Im working on some ratio problems in the algebra section of my book.
The problem is
$99 $% of the trees in our neighborhood are eucalyptus trees. The town planning commission wants to get rid of some of these trees because they spread too quickly. However, the people in my neighborhood like the trees. The commission argues that their new eucalyptus tree removal plan will cut down so few eucalyptus trees that $98$% of the trees in our neighborhood will be eucalyptus trees. If the plan only involves removing eucalyptus trees, what percent of the existing trees in my neighborhood would the plan remove?
Im not sure if Im misunderstanding the problem, but isn't the answer just 1%? We are just going from 99% eucalyptus trees to 98% eucalyptus trees. So we are removing $1$% of the trees in the neighborhood no? Any hints would be appreciated.

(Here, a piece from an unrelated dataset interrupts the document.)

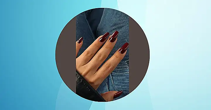 Even though the nails are long, they’re still super sleek and elegant. That dark red color is totally on trend, and it makes the nails look extra glamorous. It’s like they’re saying, “Hey, I’m here and I’m fabulous!” And you know what? They’re totally right.

Let the total number of trees be $T$ and suppose that this is made up of eucalyptus trees $E$ and other kinds of trees, $O$. Then $E+O=T$, and since 99% of the trees are eucalyptus trees, $\frac{E}{E+O}=0.99$. Therefore $$0.99E+0.99O=E$$ $$0.01E=0.99O$$ $$E=99O.$$ Suppose we reduce the number of eucalyptus trees by some amount $x$ and that the remaining number of eucalyptus trees are now 98% of the total trees. Then we would have $\frac{E-x}{(E-x)+O}=0.98$. Therefore, $$0.02(E-x)=0.98O$$ $$0.02E-0.02x=0.98O$$ $$0.02x=0.02E-0.98O$$ $$x=E-50(0.98)O$$ $$x=E-49O$$ $$x=E-49(\frac{E}{99})$$ $$x=\frac{50}{99}E \approx 0.505050...\times E.$$ So we end up removing a little over half of the eucalyptus trees. EDIT: Forgot to mention - removing 50.505050...% of the eucalyptus trees means that we are removing $0.50505050....\times 0.99T$ which is $0.5T$ or half the trees in the neighborhood.